Is it more important to be 'original' or be 'good'? We all love the notion that we could be innovators.
** here's my late-ish take on this. was beethoven original? (some will say he was no good, but no matter.) after all, he basically built on the groundwork laid by hadyn. mozart, etc. - - he basically used the same technology, he used the same formal constructs . . . but it was what he DID with all of that and how he furthered along in his own vision. i think someone on the list (two/three/four weeks ago, in a different thread) had cited the idea of taking basic trends that are around in one's environment and making them one's own and recombining them in (somewhat) different ways that connected with other people (timeframe and number unspecified). taking off from this idea, maybe the essential crux of the issue is regurgitation versus recombination and injection of one's own "vision" (not to say that one can't fool oneself into thinking that one isn't regurgitating when one is). schubert wasn't particularly "original," but he was "good."
** i also tend to believe in the idea that certain things are in the air. i have friend who mentions having played with a bass player who had many of the "jaco attributes" before jaco hit; when he heard jaco, he was "oh jaco has the same sound as X." but, of course, jaco made it HIS. maybe it's just in the air and there are those who really codify it.

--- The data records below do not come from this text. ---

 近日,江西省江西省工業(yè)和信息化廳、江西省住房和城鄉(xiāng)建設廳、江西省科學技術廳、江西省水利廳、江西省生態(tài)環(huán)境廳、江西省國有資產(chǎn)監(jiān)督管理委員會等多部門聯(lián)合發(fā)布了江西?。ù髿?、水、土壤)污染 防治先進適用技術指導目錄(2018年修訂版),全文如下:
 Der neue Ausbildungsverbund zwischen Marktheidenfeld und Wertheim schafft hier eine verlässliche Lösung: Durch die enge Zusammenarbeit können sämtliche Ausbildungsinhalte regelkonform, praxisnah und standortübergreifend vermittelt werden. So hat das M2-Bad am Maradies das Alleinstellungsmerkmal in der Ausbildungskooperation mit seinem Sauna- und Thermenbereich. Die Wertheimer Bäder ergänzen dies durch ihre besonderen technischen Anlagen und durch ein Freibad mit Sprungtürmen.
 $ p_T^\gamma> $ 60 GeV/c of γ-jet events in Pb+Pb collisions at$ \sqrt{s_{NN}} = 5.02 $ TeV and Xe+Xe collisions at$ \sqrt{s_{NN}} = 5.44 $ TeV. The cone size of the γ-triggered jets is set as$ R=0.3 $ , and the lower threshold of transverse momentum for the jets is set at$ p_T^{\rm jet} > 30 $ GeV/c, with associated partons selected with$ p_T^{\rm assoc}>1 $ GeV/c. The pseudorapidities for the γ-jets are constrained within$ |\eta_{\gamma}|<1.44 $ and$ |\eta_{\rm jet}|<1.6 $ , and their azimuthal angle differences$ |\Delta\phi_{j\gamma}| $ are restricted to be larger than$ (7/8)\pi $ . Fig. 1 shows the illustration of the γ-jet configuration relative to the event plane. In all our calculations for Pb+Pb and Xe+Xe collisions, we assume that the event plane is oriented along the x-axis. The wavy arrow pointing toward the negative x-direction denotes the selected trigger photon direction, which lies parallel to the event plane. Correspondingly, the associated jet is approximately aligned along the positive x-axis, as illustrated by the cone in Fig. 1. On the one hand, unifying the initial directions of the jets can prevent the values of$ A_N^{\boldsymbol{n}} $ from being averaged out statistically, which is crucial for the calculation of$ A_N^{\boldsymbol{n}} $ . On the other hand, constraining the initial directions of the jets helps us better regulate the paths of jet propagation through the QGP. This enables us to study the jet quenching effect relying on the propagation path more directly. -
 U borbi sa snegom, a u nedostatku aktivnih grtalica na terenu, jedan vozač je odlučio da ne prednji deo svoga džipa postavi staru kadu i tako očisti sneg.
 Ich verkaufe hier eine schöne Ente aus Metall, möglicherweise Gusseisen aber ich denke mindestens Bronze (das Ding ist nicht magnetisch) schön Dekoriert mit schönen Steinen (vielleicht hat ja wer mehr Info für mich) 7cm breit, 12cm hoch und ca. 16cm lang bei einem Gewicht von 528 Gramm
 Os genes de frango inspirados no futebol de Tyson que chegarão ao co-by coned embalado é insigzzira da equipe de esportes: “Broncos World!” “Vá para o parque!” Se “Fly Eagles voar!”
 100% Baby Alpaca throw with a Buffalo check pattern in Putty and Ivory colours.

Is Fripp any less influential in either real or theoretical terms because he was taking that which was being caried
out largely in academia and then regurgitating it in a pop context (or even that which was being used in a fringe pop way,
and making it a little more mainstream)?
** under the above criteria: did he make it "his own"? are we just worrying about the tech issue? or is it the name issue?? (i personally feel a more generic, less person-specific name is a better choice.)
I'm a firm believer in credit where it's due, so it would be nice if peope perceived
as innovators were a little more vocal in crediting sources.

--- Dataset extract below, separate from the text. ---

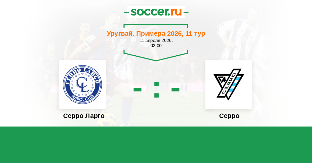 Уругвай. Примера A 29.04.2023 Серро Логотип футбольный клуб Серро (Монтевидео) 0:0 Логотип футбольный клуб Серро Ларго (Мело) Серро Ларго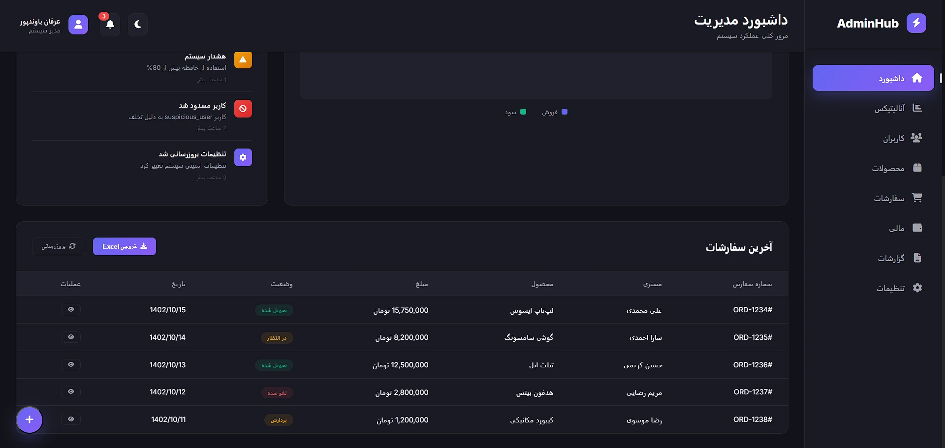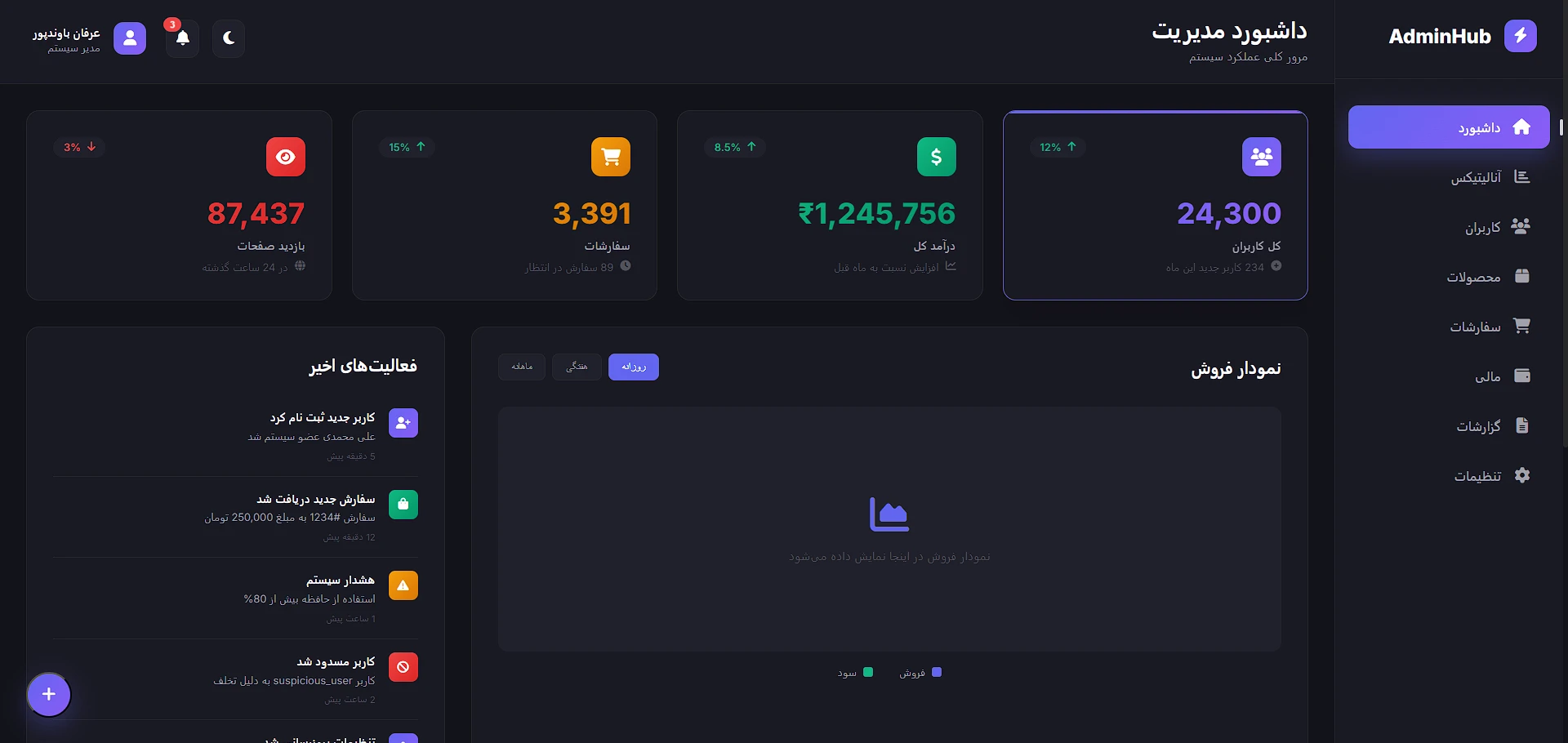 پنل مدیریت AdminHub - داشبورد حرفهای با نسخه دارک و لایت

** the other side of this is people saying, "oh, you sound like so-and-so" - - or people who want to know "who you sound like" when asking about what you do.

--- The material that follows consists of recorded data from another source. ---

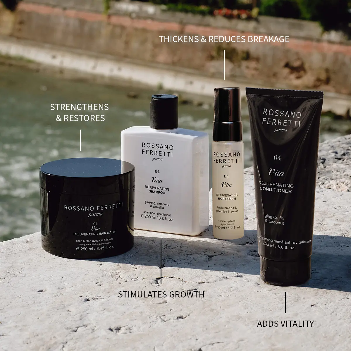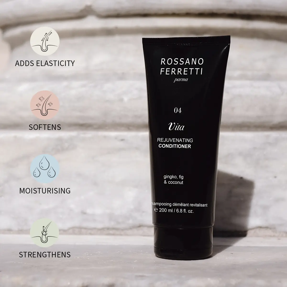 A strengthening, yet lightweight conditioner ideal for thin, fragile or maturing hair. With its unique pro-ageing formula, the Vita Rejuvenating Conditioner uses 95% naturally derived ingredients like shea butter, coconut & avocado to fortify, hydrate & protect against breakage, leaving hair soft, light & fluffy to touch.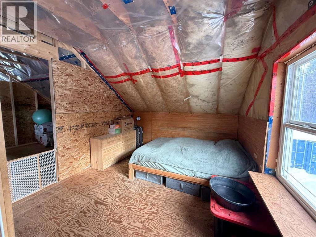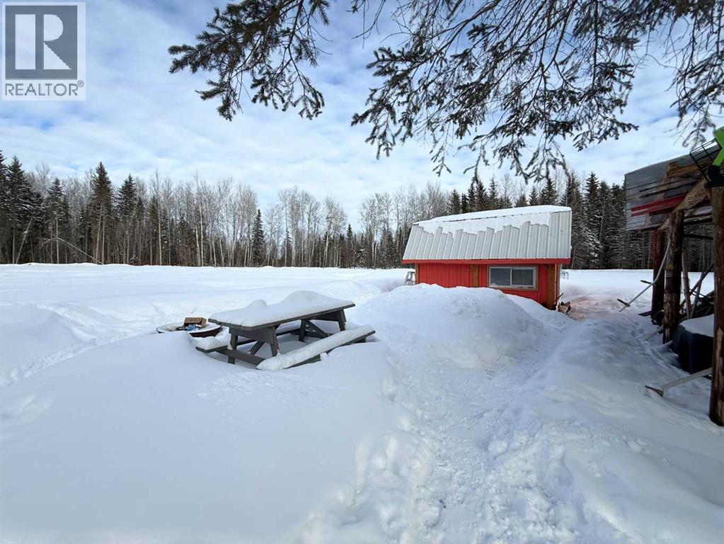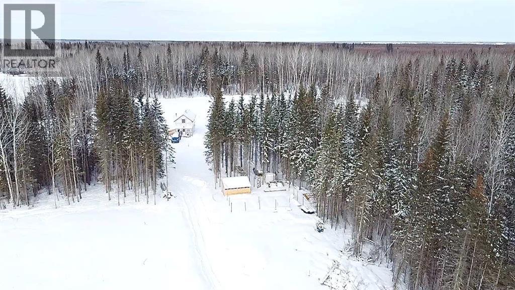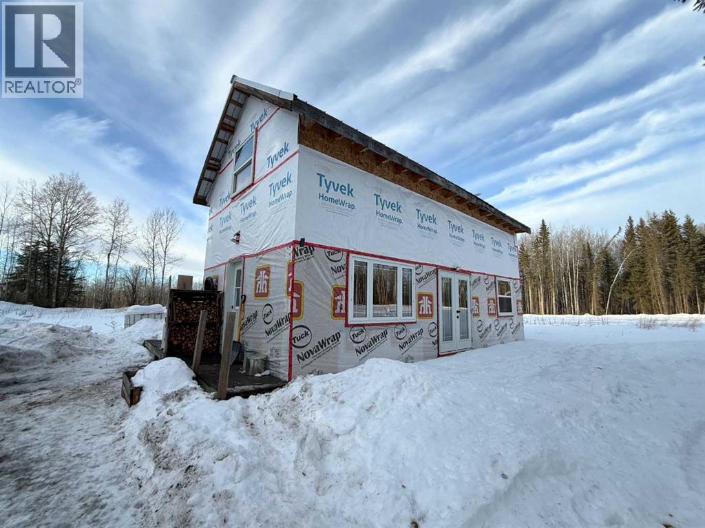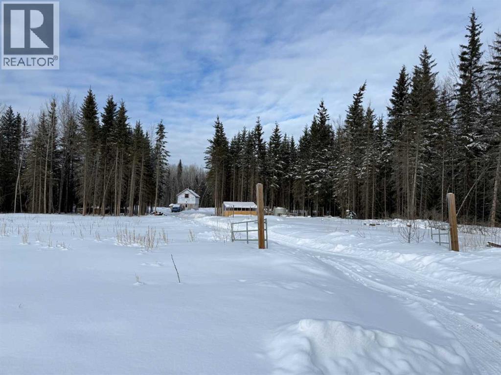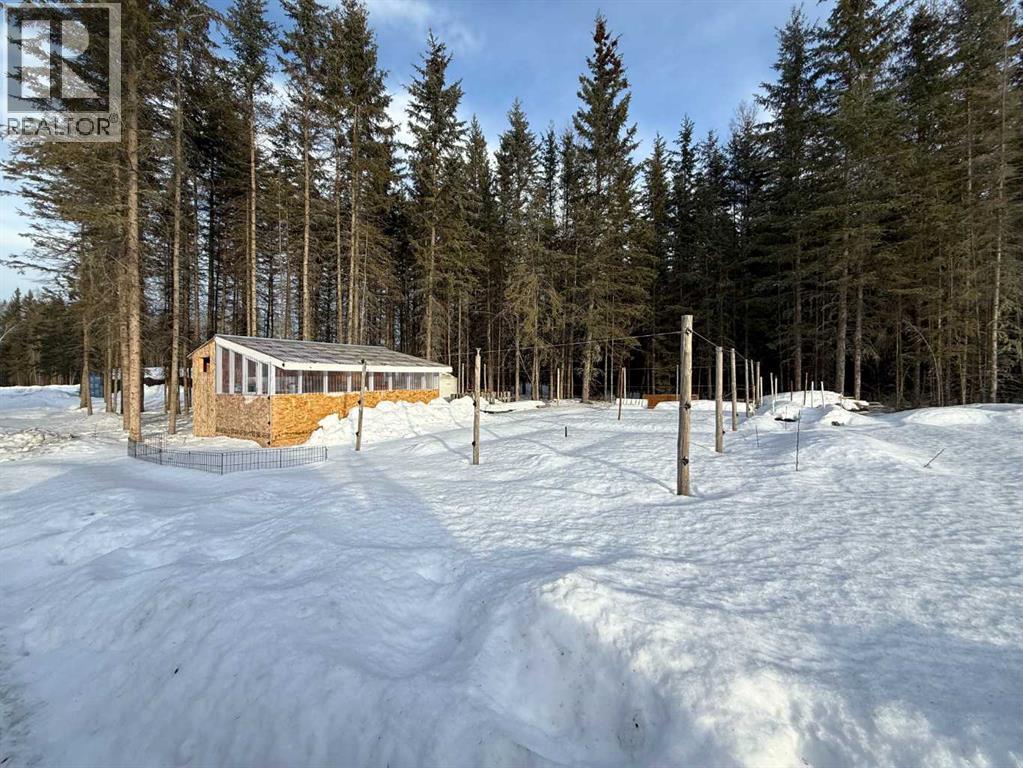76.94 acres with 937 sq ft, 1 and a half storey home. Currently lived in year round, but would also make an amazing cabin retreat. Main level is 505 sq ft with kitchen, living room and roughed in bathroom with tub. Upper level is 432 sq ft with 2 bedrooms and flex space. 4 – 20 ft seacans for secure storage, one with power. Chicken coop and greenhouse. Land is mostly bush with approximately 3-4 acres recently cleared, plus open yard site. Access to an old well site with lease revenue $1500/yr, reclamation in process and is scheduled for completion by 2030. Excellent location if you enjoy the outdoors, with direct access to crown land bordering the north and east sides of the property. Just over 1 mile to the north is a staging area for the Peace River Trail. (31688390)
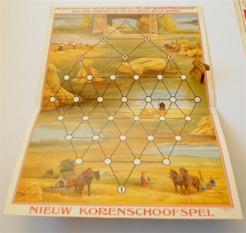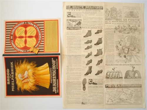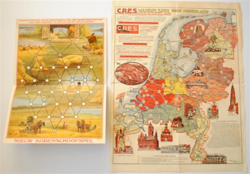 See the Dutch description: CRES schoenen, Heveadorp, ca. 1924. "De éénige schoen voorzien van stalen voetsteun". Spel op papier, gevouwen. + Nieuw Korenschoofspel, Broodfabriek Mij "De korenschoof", Rotterdam/Utrecht. (ca. 1935).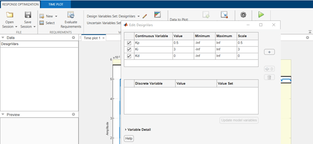 We select the PID controller parameters to tune by opening the Design Variables editor, as shown below.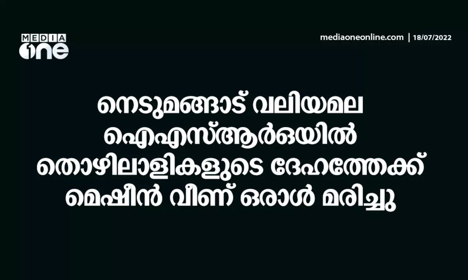 നെടുമങ്ങാട് വലിയമല ഐഎസ്ആർഒയിൽ തൊഴിലാളികളുടെ ദേഹത്തേക്ക് മെഷീൻ വീണ് ഒരാൾ മരിച്ചു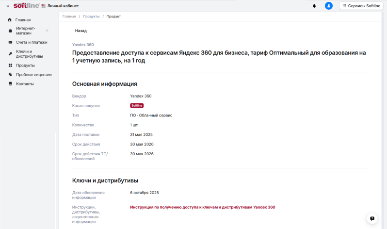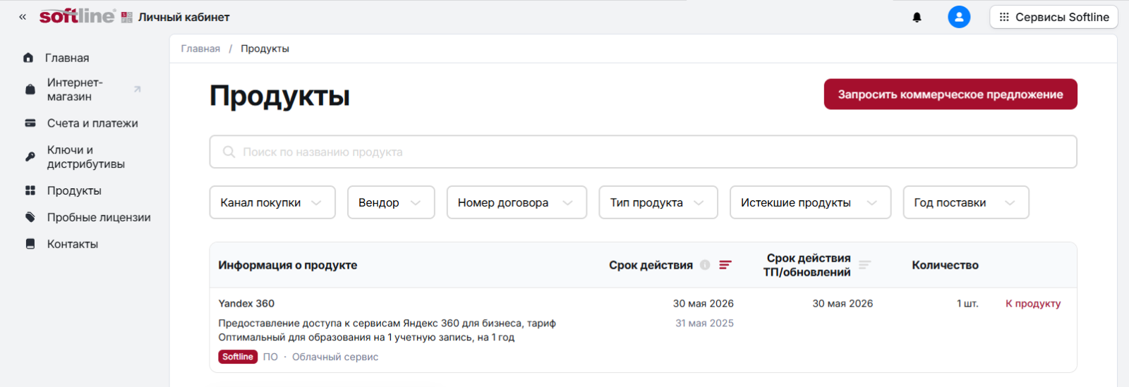 В личном кабинете вы можете посмотреть список приобретенных вами продуктов, контролировать количество, сроки действия лицензий и цены, отправлять заявки на закупку продуктов.

On a small scale, I'm fairly quick to point out to people who have had no other introduction to looping, e-bow, solo bass or whatever else I might be dabbling in at the time that I'm not the only person in the world using those things, and that what I do is a mish-mash of influences, some of whom loop,
** but these are just technology issues, right? they don't really adress the music. do you sound like these people? if not, what of the tech usage????
So is it more important to be original than good? obviously a combination is preferable, but if one is choosing aims and
goals, are either valid? Or is self-expression at any cost the goal? or is it, like the rest of life, driven by the pursuit
of meaning, which seems to have morphed somewhere in the last few years into the pursuit of novelty...
** it all seems pretty relative when you start asking these questions . . .
* for me, i think a lot of it comes down to the intent of each artist. if i go hear someone play whose music is about the playing - - their technique, their emotion, the "is-ness" (if you get my drift) of their playing - - they better come up with the goods. if i go hear someone whose music is about their writing, well i expect the writing to really say something - - either about how clever they are, their use of form or how much emotion they can wring out of something - - the "is-ness" of the writing. ( i think of someone like 'trane, who i think is more about theplaying than the writing, whereas wayne shorter might be about both.) if the person is supposed to be "original" in either of these presentations, they really better come up with it - - and the final arbiter is gonna be how much of themselves is in their offerings/ideas.
stig
oh yeah, this is confidential, don't steal it!!!!!!!!!!!!!